The limitations of the current menus were not a particularly serious problem for us. The analysis
of large surveys requires users to understand something about the commands, for the reasons
given in Chapters 2 and 5. If the menus are viewed as a simple way that users can start their
analyses, then they do provide this gentle route. They also generate usable commands and so
help in the production of the do files described in Chapter 5 etc.
Once we became more used to Stata’s menu system the consistency of the structure of the
dialogues is excellent. Then the ease with which users can add their own dialogues and menus,
as described in Chapters 17 and 18, is particularly impressive.
Version 8 also added ODBC as a way of importing data. Stata is limited in reading directly from
other software, and is the only standard statistics package that we use, that cannot read
spreadsheet files directly. Getting the Stat-transfer program can solve this, as described in
Chapter 3. However, a powerful ODBC facility is useful for survey data processing. The lack of
a menu system for the ODBC is a disappointment. However, Version 9 added XML menus for
data import and export, which may solve the data transfer problems.
20.3 General points
If you use a spreadsheet for data processing, then you keep everything in a single workbook.
With Stata you will have many files, each with a simple structure.
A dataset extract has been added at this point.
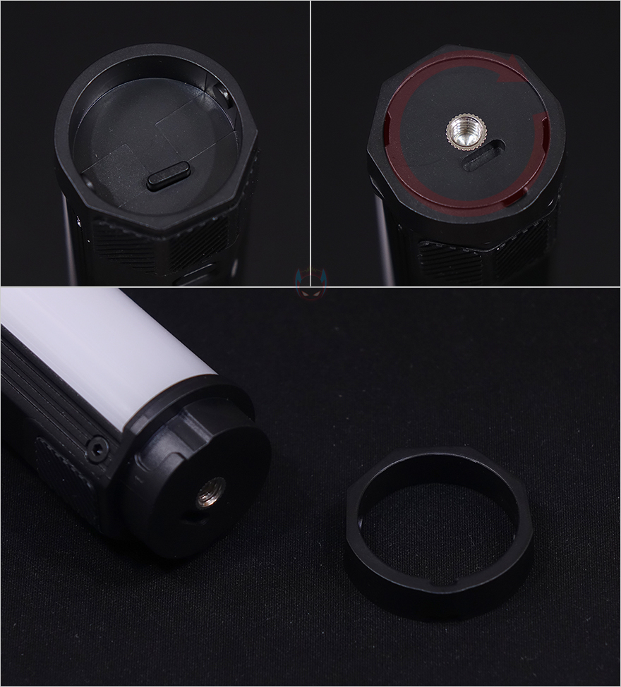스틱 양쪽에는 각각 연장 커넥터와 1/4인치 나사홀이 적용되어 있는데, 나사홀쪽 부분은 시계 방향으로 돌렸을 때, 테두리 프레임이 분리됩니다. 만약 VL110 조명은 2개이상 사용했을 시 연장하고 싶을 때 이렇게 프레임을 분리하고 나머지 제품 하나의 반대쪽과 결합을 해주면 2개를 연결해서 사용할 수 있죠. 연결법은 쉽기때문에 초보자도 어렵지 않게 할 수 있습니다. 물론, 전원은 각각에서 켜줘야 합니다. 그리고, 앞서 언급했듯이 판매 스토어에선 2가지 옵션 중 하나를 선택할 수 있는데, 필자의 경우는 삼각대가 포함된 팩키지 선택으로 제공되는 삼각대는 미니 삼각대로 기본 다리에서 한 번 더 길이 확장을 할 수 있으며, 1/4인치 볼트를 갖추고 있어서 바로 VL110과 결합해서 사용할 수 있습니다. 그리고, VL110 조명은 꼭 삼각대가 없어도 조명 내부에 마그네틱이 적용되어 있어서, 외부 스틸소재의 사물이 있다면 바로 부착해서 사용할 수 있습니다. 참고로 마그네틱은 후면 각진부분에 모두 적용되어 있습니다.

Even just the data will be in a
range of different files, see for example Chapter 12, where each use of the contract, or
collapse commands produces another file, with summary values. Graphs are in individual files,
as are the do files. So you probably need to use a different directory for each survey. Some
statistical software allows all files associated with a project to be collected together, but this
feature is absent in Stata.
Windows users will initially find that some standard features are absent from Stata. For example
there is no button or option to undo the past few commands, at least not on the main menu.
Set against this is a considerable “comfort factor” for those organisations who wonder if they
might later move from Windows to Unix, or perhaps be provided with some Macintosh
computers. Stata is used in the same way on these systems.